The latest development concerning the ongoing program review at Brock finds President Jack Lightstone indicated in a memo to the Senate Governance Committee that he would stop the academic portion of the program review.
This was due to the now acknowledged overlap between the work of the Task Force and the Senate’s academic responsibility.
The program review itself began as a way to address the growing financial situation at Brock University. Lightstone made comments in a letter addressed to the Brock community in May, saying “these are not good economic times, and Brock has not been immune to the financial challenges confronting universities across the country”.
So, as other universities in Canada began combating their deficits with the conduction of program reviews, so did Brock.
Oddly enough though, instead of following standard procedures and having the Academic Review Committee (ARC) undertake the review, the President formed a Task Force. This team did not consider the Senate, but had the Chair of the Senate appointed to it. Furthermore, it failed to have representation from the Faculty of Social Sciences (which happens to be the largest), the Business faculty or the library.
The Brock University Faculty Association (BUFA) was obviously very concerned by this unprecedented development and began a transparency campaign, which, given what had been said about the Task Force, should not have been necessary.
In a briefing note from the president’s office, it was clearly stated that “the process must be open, transparent and collegial, and it must be informed by the perspectives of the faculty, staff and students, as well as by administrators”.
Despite the clarity of that statement, all meetings of the Task Force were closed to the Brock community. Albeit, a web site for the program was established, the task force has yet to post minutes from their meetings.
Obviously, this was a rather confounding move on the part of the Brock administration, and BUFA was not going to just let it happen.

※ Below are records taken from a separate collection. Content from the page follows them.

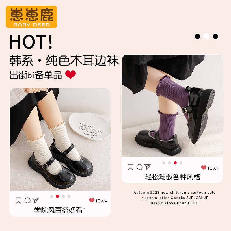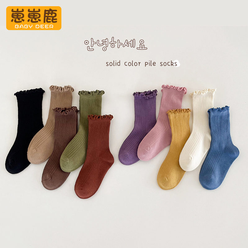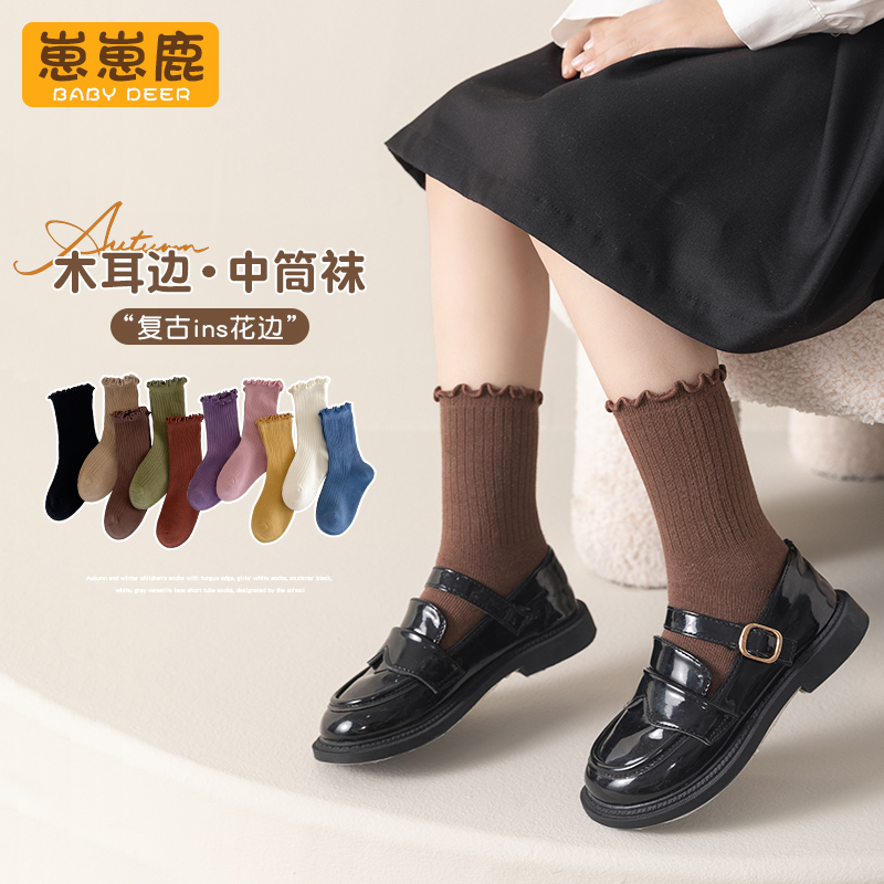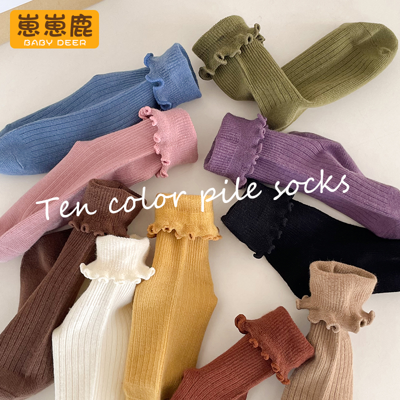 女童袜子春秋纯棉儿童木耳边堆堆袜中筒袜秋冬女孩公主花边配皮鞋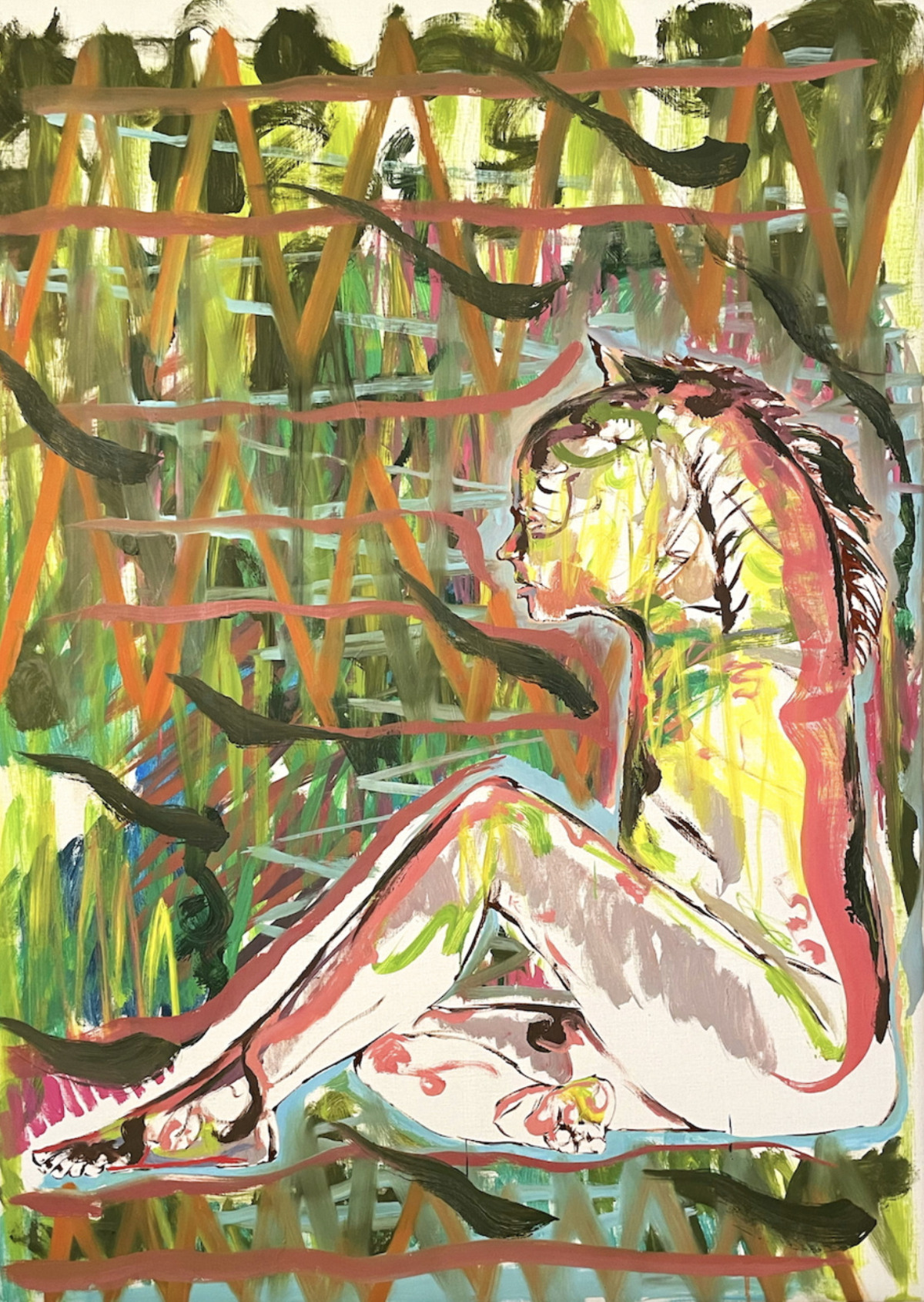Zoe Walsh (b. 1989, Washington, D.C.), Study A for in Our Eyes, On Our Tongues, 2023, acrylic on canvas-wrapped panel. 16 x 12 inches (40.5 x 30.5 cm). Image courtesy of Yossi Milo Gallery.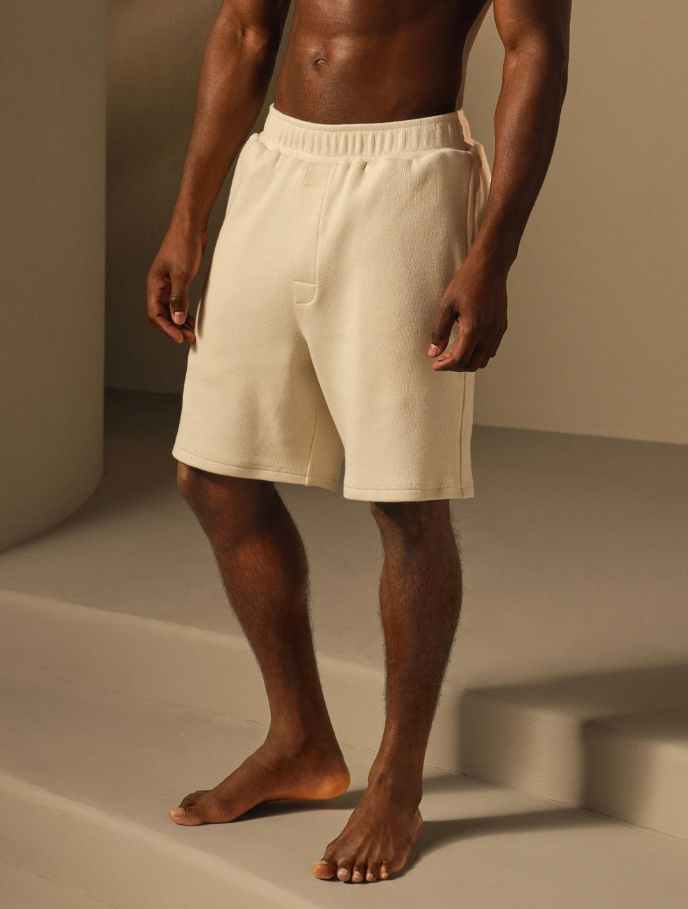 Materiality shapes our relationship with nature, grounding the body in comfort and connection. Made in UK from a refined blend of lightweight cotton and luxurious cashmere, the intricately hand-finished lounge shorts are both warm and breathable. Thoughtfully designed for moments of stillness and movement alike, it speaks through texture – subtle, yet deeply felt.

On Sept. 4, the Senate Governance Committee (SGC) passed two motions relating to the Task Force, which were based primarily around the Senate’s responsibility — as stated in the Brock Act — to conduct all academic review.

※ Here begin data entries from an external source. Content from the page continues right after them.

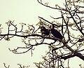 The statue of Dhanesh roams on the edge of evergreen forests. In pairs or small groups it can be seen. They are largely dependent on fruit trees for food. Their diet consists of creampie fruits; Sometimes small reptiles and small animals tend to eat. When they are flying from tree to tree, they call: Ukh-haik .... [2]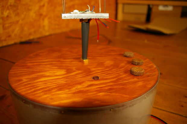 He hecho el botón de una pieza de caoba y las perillas de astillas de madera de nogal.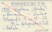 NOWOWIEJSKI F. M. 1950 Wystawa "Górska" w Poznaniu.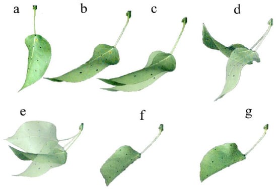 Deformation and vibration of pear leaves under different wind speeds: (a) u = 0 m/s; (b) u = 2.0 m/s; (c) u = 2.5 m/s; (d) u = 3.0 m/s; (e) u = 3.5 m/s; (f) u = 4.0 m/s; (g) u = 8.0 m/s [104].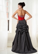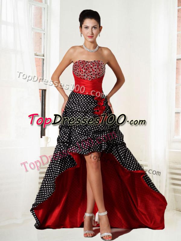This opulent dress is just the ticket for a fun night. This lovely dress with strapless sweetheart neckline is enrusted with lots of flashy bling on the bust and a wide ruching band contours your curve greatly. The high low ruffled skirt with flower embellishements made by wave point fabric let you show off a seductive curve. A zipper up closure secures the dress in place. This design will have heads turning as soon as you arrive.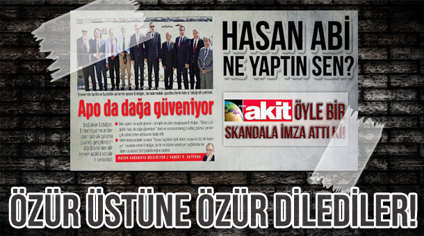 Başbakan Erdoğan’ın “Apo da dağa güvenmiyor” sözünü “Apo da dağa güveniyor” diyerek birinci sayfasına çeken Yeni Akit, bugün yine birinci sayfasından özür diledi.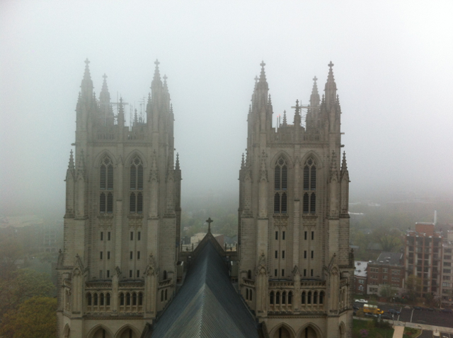 But since last August, when a 5.8 magnitude earthquake fractured some of the cathedral’s Gothic details and caused about $20 million in damage to the structure that was first laid down in 1907. After several months of exhaustive inspections, the central tower was finally reopened to the public for the first time since the temblor. All day Saturday, hundreds of curious people ascended a narrow, darkly lit stone passage and two forbidding spiral staircases to an observation point that would have provided stunning views of Northwest D.C. and beyond were it not for a thick layer of fog. (Disclosure: We took an elevator for part of the trip to the top.)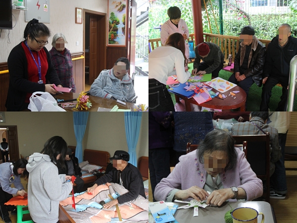 活动分三个环节进行。首先,志愿者们在前期调研的基础上,依据对老人身体健康状况与行动能力评估结果,将活动分为自理老人组、轮椅老人组、卧床老人组、失智老人组四个组,并针对各组老人不同情况,设计了不同难易程度的手工作业。志愿者通过图片展示及实际操作演示的方法,向老人们说明了手工作业的具体制作过程,强调在这个过程中如何训练手功能。伴随着轻松愉快的音乐与说笑声,老人们积极参与到手工作业中来,遇到困难互相帮助,共同进步。当老人们欣赏着自己的作品时,每个人脸上洋溢着笑容,充满了自信和成就感。该活动不仅提高了老人的手部精细能力,增加手部灵活性,也帮助老人开动大脑,积极思考,对老年诸多疾病的预防与治疗有一定的积极作用。

At the senate meeting on Sept. 18, the two motions were passed. The first, “The Senate respectfully requests that the President direct the members of the President’s Special Task Force to stop their program review and prioritization of academic programs”; and the second, “The Senate respectfully requests that the President refer any matters concerning the review and/or prioritization of academic programs to Senate for timely consideration, decision and conduct”.

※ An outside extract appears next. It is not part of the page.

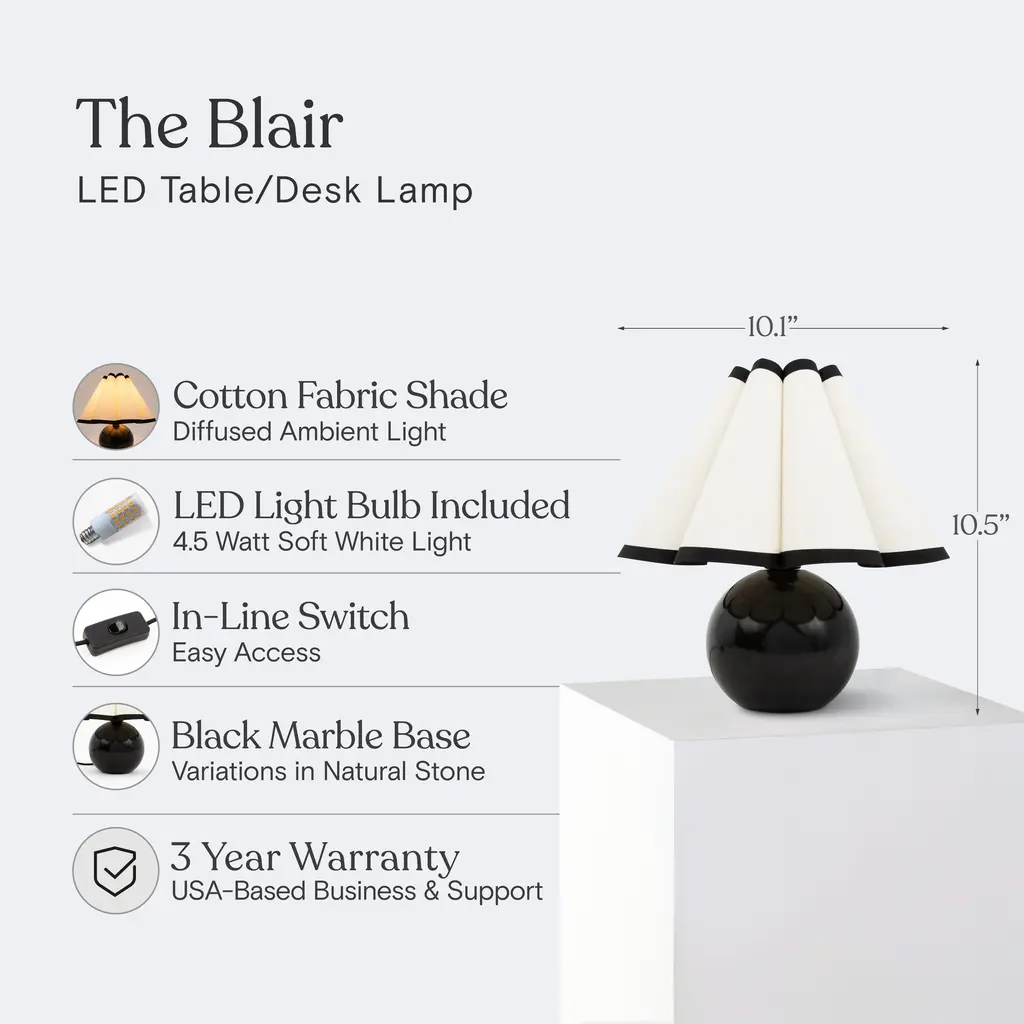 Introducing the Blair Table Lamp from Brightech, a masterpiece that brings a harmonious blend of traditional charm and modern sleekness to your decor. Perched atop a lustrous black marble base, its unique ivory shade—outlined with a touch of black—casts a warm, inviting glow. Engineered for both functionality and style, this lamp illuminates your space with a 2700K warm white light, perfect for creating a cozy corner in your living room or a tranquil retreat in your bedroom. The 4.5W bulb enclosed within offers a soft luminosity of 500 lumens, controlled effortlessly by an in-line switch on a chic, black, fabric-covered cord. Crafted from quality materials, the Blair promises durability and aesthetic grace. It stands as a testament to Brightech's commitment to innovative design and dependability, all backed by a reassuring 3-year warranty. The Blair is not just a source of light, it's a statement piece that enriches your space with a serene ambiance and timeless sophistication.

After a few days, the President responded positively, stating that the review would be left to the Senate. At their meeting on Sept. 25, the Senate decided to undertake the review, and is now in the process of forming a subcommittee develop plans for a Senate Program Review Committee. This will include a draft mandate, Committee formation and consultation process.
We can only hope that the new Senate subcommittee responsible for the review will proceed a little more “by the book”.